The seven-acre MonteCedro Senior Living Community features new, villa-style senior living residential buildings, with the community space totaling close to 420,000 sq. ft. The complex includes 186 living units, a 90,000-sq.-ft. subterranean cast-in-place parking garage, memory care assisted living spaces, and four standalone buildings. It also includes a cocktail lounge, an art studio, chapel, movie theater, business center, library, performing arts/multipurpose auditorium, fitness center and pool. The site slopes 44 feet from north to south, so the buildings are arranged around shared courtyards, terraced to integrate buildings, walks, drives and service.
All four senior living buildings will be licensed California Retirement Care Facilities for the Elderly, and the project will be completed in December 2015.
This is one of the most modular projects DPR has had the opportunity to work on. Typical for Southern California residences, the original concept for the structure was wood framing. However, as the project began, a recent update to the California Building Code stated that if combustible building materials were used—given the building height and nature of the occupancy—then the number of non-ambulatory and/or bedridden residents were restricted to the lower two levels.

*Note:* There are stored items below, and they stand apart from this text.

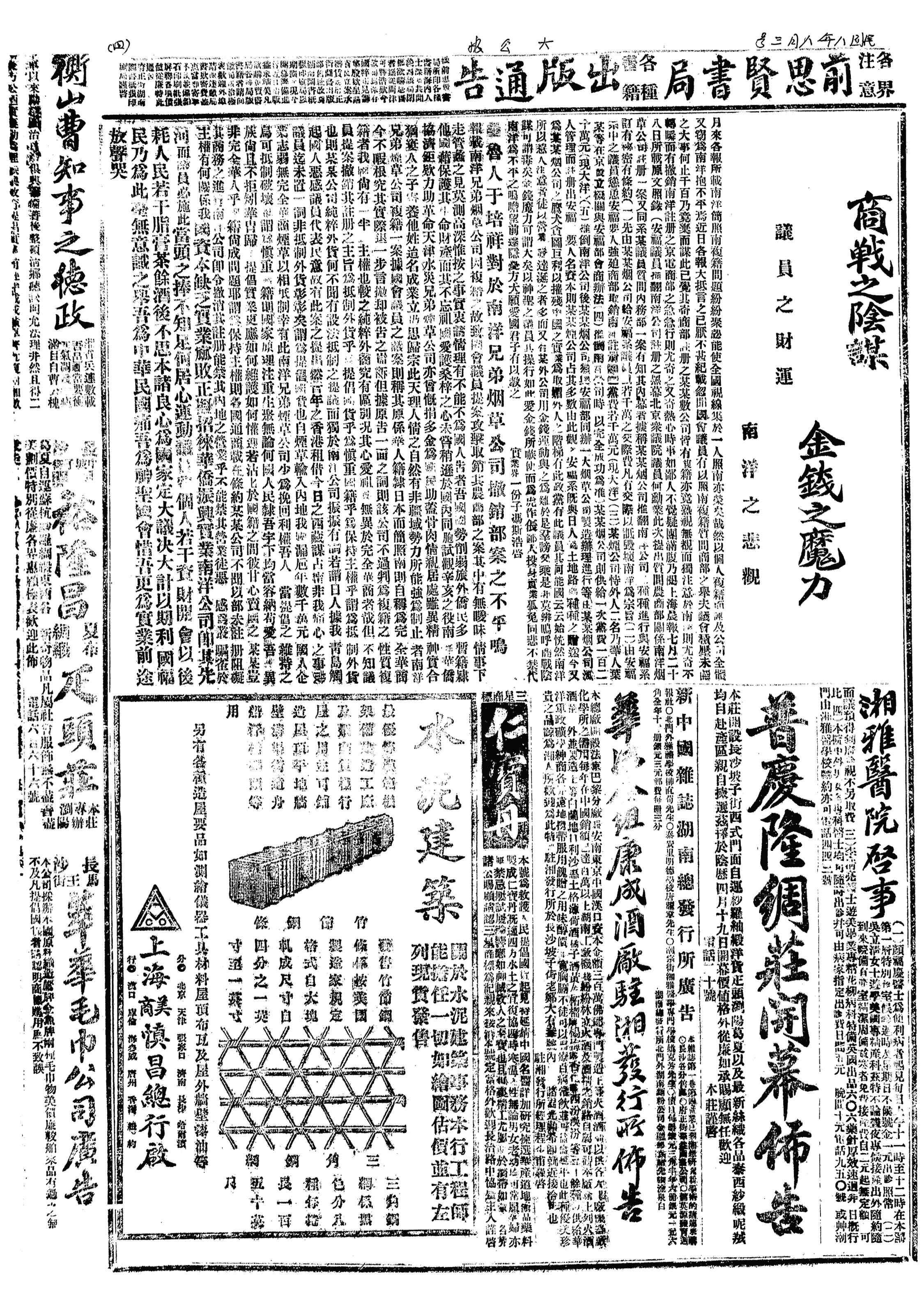 △ 江苏省教育会、中华职业教育社、华侨联合会、上海青年会、寰球中国学生会、上海基督教联合会等10团体,因北京国务院08月28日发出禁止请愿布告,是日联名电徐世昌及北京国务院,就布告诬指各界代表“不依照法定程序”请愿一事予以驳斥。
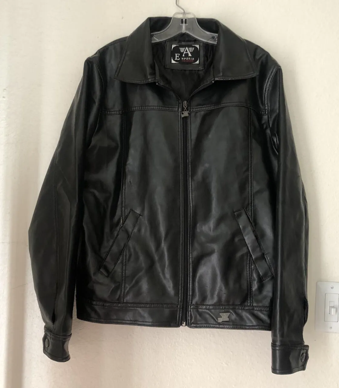 Black Armarni Emporio Collezione black Genuine leather moto bike jacket streetwear Size XL - $121 - From Victoria
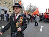 Ветераны ВОВ и участники митинга Коммунистической партии России в День международной солидарности трудящихся во время шествия.
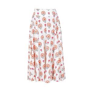 Malie Organic Cotton Dolce White Pink Print Midi Skirt UK 10 US 6
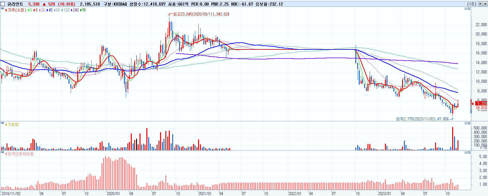 - 큐리언트 (5,330원 ▲ 10.81% , 시총: 662억, 거래량: 2,186,071, 거래대금:122억)
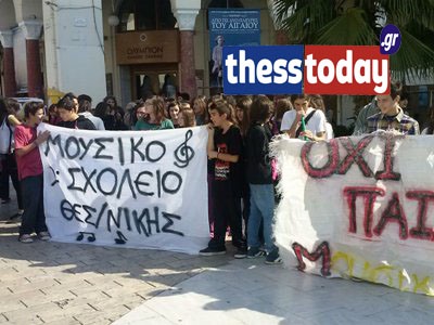 Στην πλατεία Αριστοτέλους διαμαρτυρήθηκαν μαθητές του Μουσικού Σχολείου Θεσσαλονίκης ενάντια στην υποβάθμιση της δημιουργίας και της τέχνης από πλευράς της Πολιτείας.
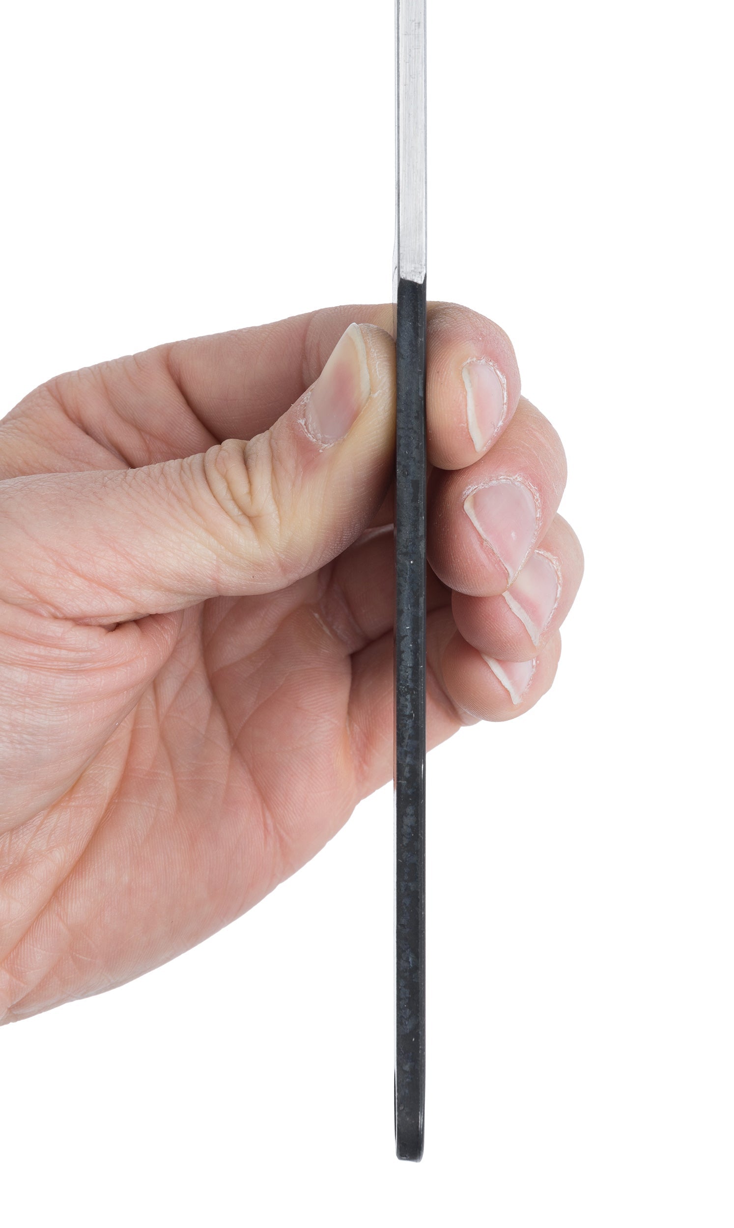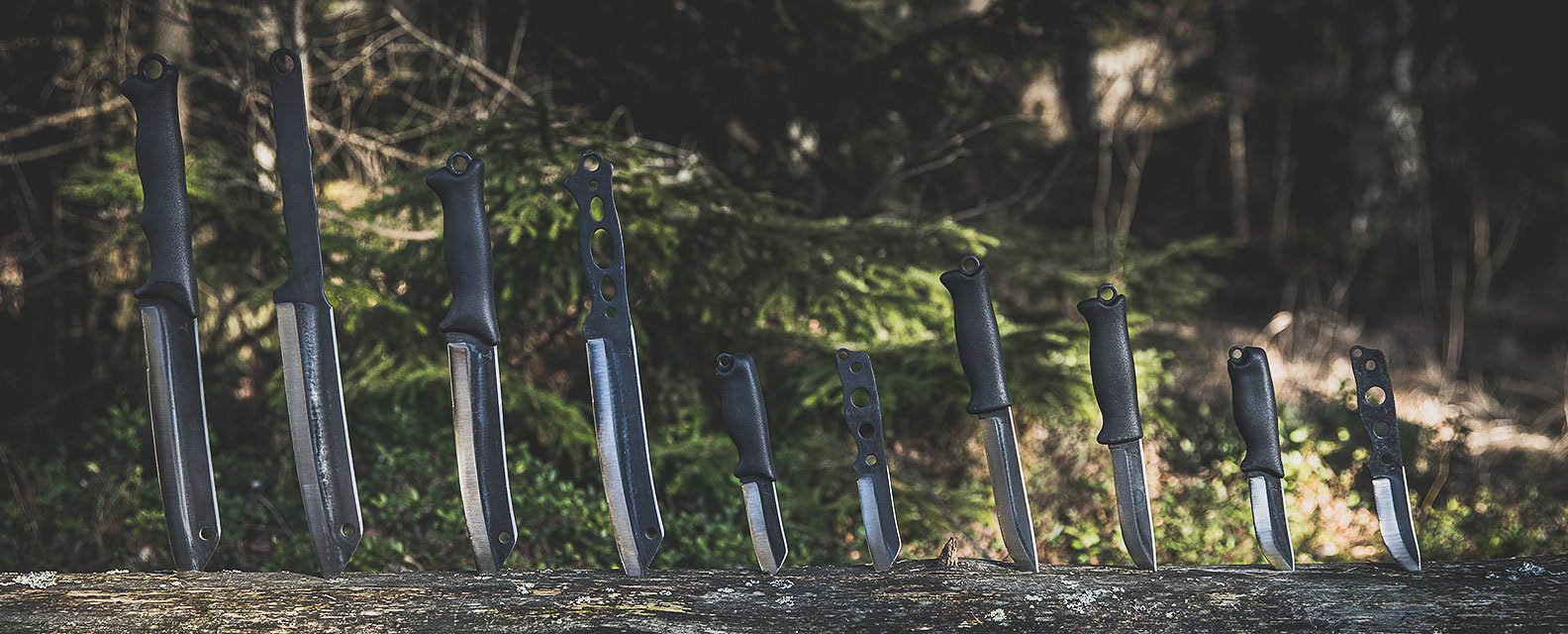 All Varusteleka carbon steel knives are made from 80CrV2 tool steel, a trusted choice in Finnish knife manufacturing for decades. The heat treatment leaves the surface of the steel softer, c. 52 HRC. This creates a tough exterior to protect the blade. When the blade is ground, the harder (c. 59 HRC) inside is revealed, which improves edge retention. The spine has ground bevels for striking Ferro rods.
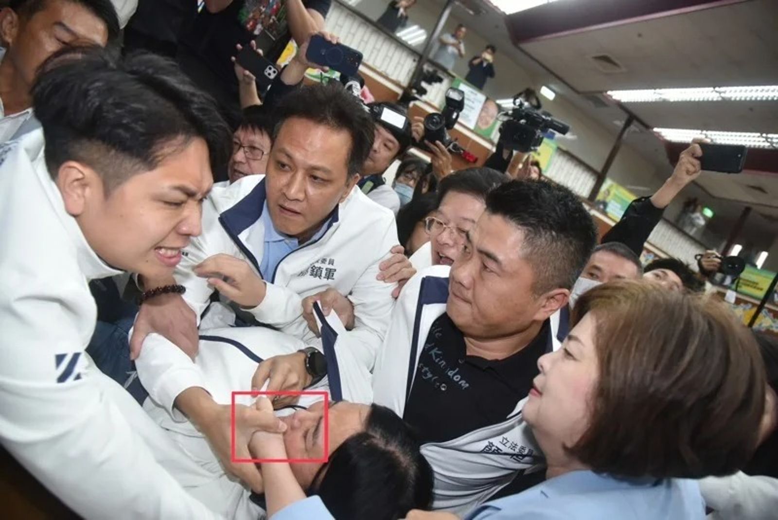 賴惠員(藍衣者)昨日衝鋒陷陣,與多名立委發生肢體推擠。而今日立委徐巧芯則公布一張照片,可見藍綠委互相推擠,陳玉珍卡在中間,其中綠委賴惠員的手被另一名藍委邱鎮軍抓住,並剛好就在陳玉珍臉旁邊,因此徐巧芯直指賴惠員就是害陳玉珍「斷牙」的凶手。
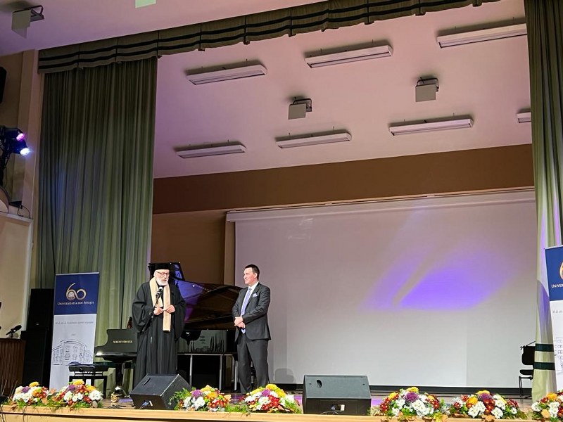 La aniversarea UPIT, sărbătorită la Filarmonica Pitești, au fost prezente autoritățile locale și județene, rectori și reprezentanții ai universităților din țară, profesori, studenți și absolvenți.
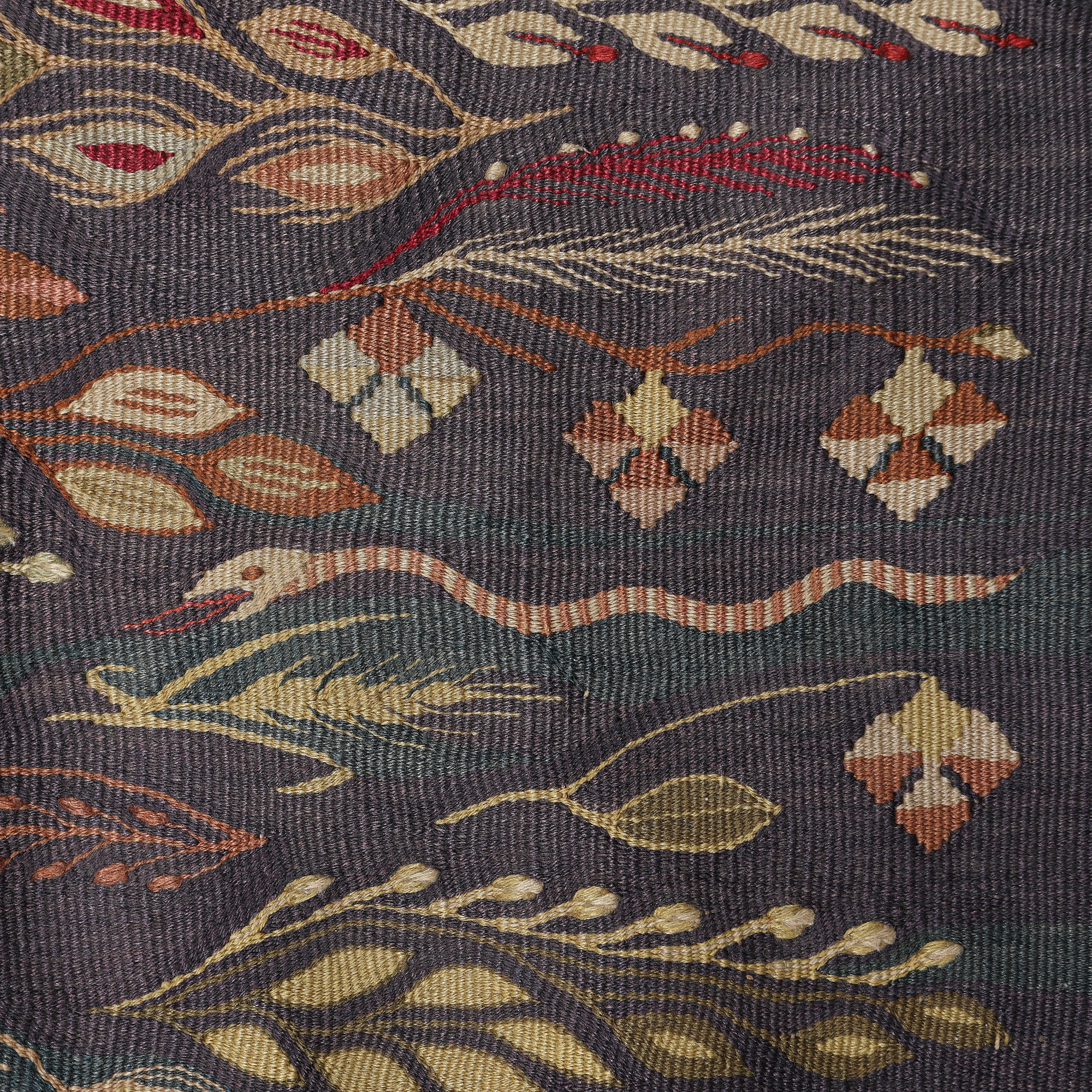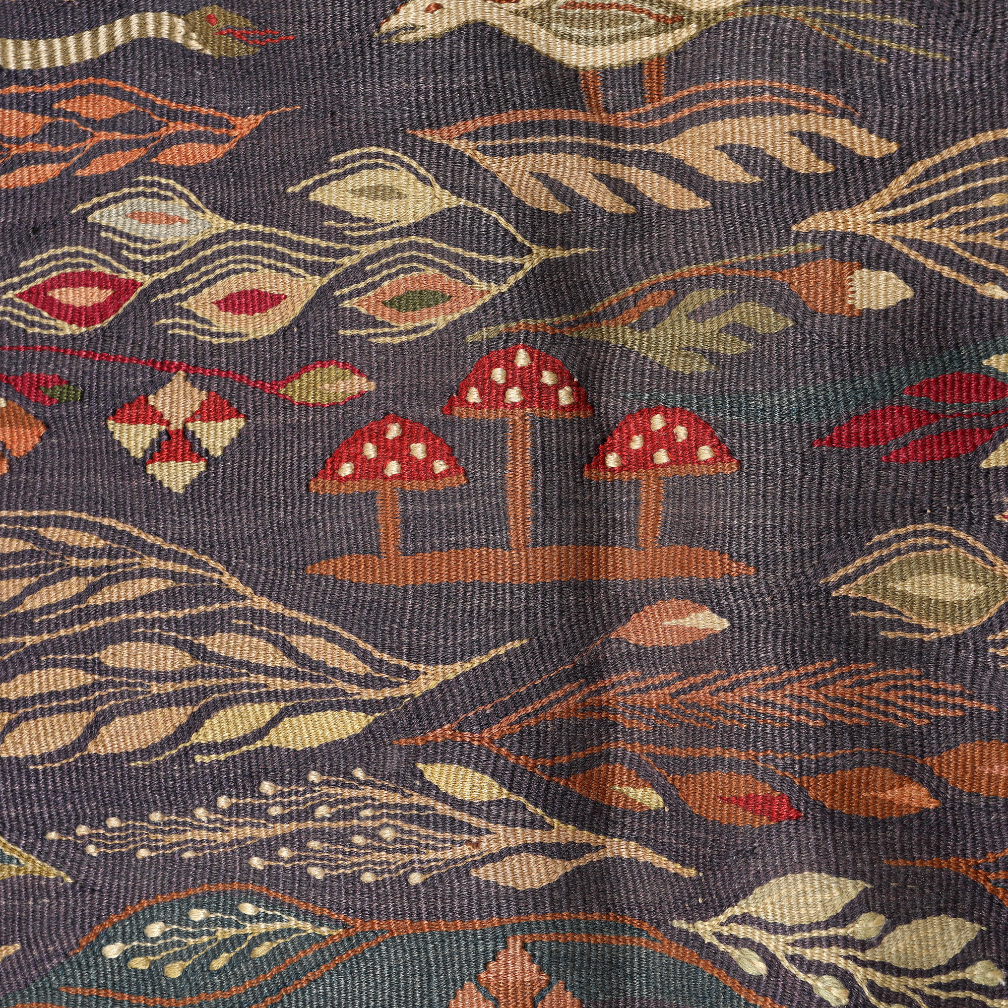 17. Important covor oltenesc din lână, decorat cu elemente vegetale, păsări, șerpi, ciuperci și o țărăncuță, începutul sec. XX, piesă rară, de colecție
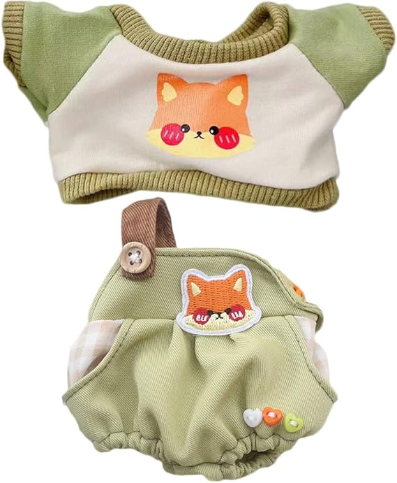 YUYAKESHI 人形 綿人形の服 人形服 着替え ぬいぐるみ用 スウェット かわいい アクセサリー 上着 ぬいぐるみ オーバーオール アパレル部品(グリーン狐2点15cm)
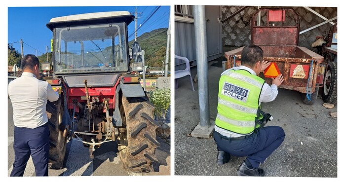[합천=이영수 기자] 합천경찰서에서는 수확철 농업인들의 농기계 교통사고 예방을 위해 트랙터, 경운기 등 농기계에 야광반사지를 부착하고 있다.
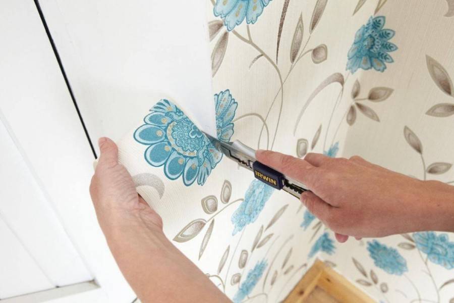 Когда обоина приклеена, нужно прорезать стык и удалить ненужную полоску.
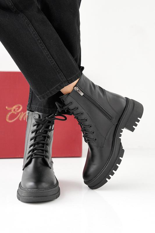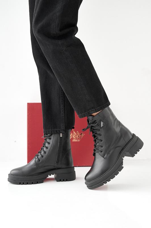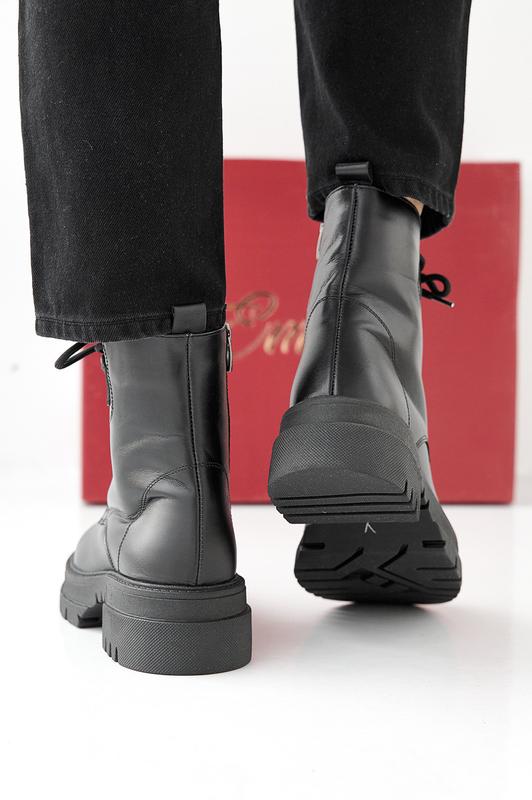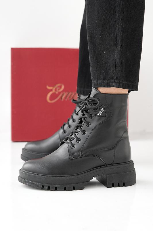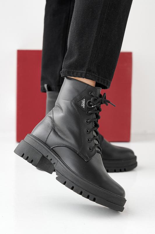 Женские зимние ботинки из натуральной кожи черного цвета.
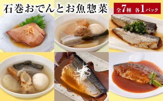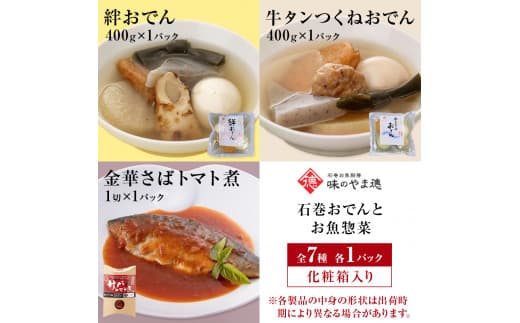 化学調味料無添加「三陸お魚惣菜」と国産の厳選素材で作った「おでん」の惣菜セット!おでん 石巻おでんとお魚惣菜セット 7種セット 各1P 惣菜 常温 牛たん つくねおでん 絆おでん 400g サバ 鯖 金華さば いわし 味噌煮 生姜煮 梅煮 トマト煮 レトルト 常温保存 鯖ダシ 牛タン つくね イワシ さば かつお 宮城県 石巻市 備蓄 保存食 非常食

The owner did not want to place this restriction on their residents. Their goal is to provide a true “aging in place” environment so residents could choose to remain in their apartments and not have to move if they required more care and staff support.
To remedy the code change as well as owner and end user needs, the team suggested using prefabricated light gauge structural frame (LGSF) panels for the four-structure, 331,350-sq.-ft. project, which saved time and resources.
The LGSF system offered an option to prefabricate much of the project. Prefabrication is a manufacturing type of environment with repetitive processes and efficiencies. Within this controlled environment, the prefabrication process allowed greater precision and quality control versus building the panels in the field. The panels were delivered by 284 trucks. More than 3,200 wall panels and 1,300 floor panels (as well as the 2,000-plus trusses) were erected by two 65-ton rough terrain mobile cranes. Weighing less than 2,000 pounds each, the panels are uniform in shape and size, resulting in a highly efficient installation.
Only slightly more costly than wood, the 274,000-sq.-ft. LGSF system and use of prefabrication save an estimated $4 million and shaved four months from the schedule when compared to a non-prefabricated metal stud system.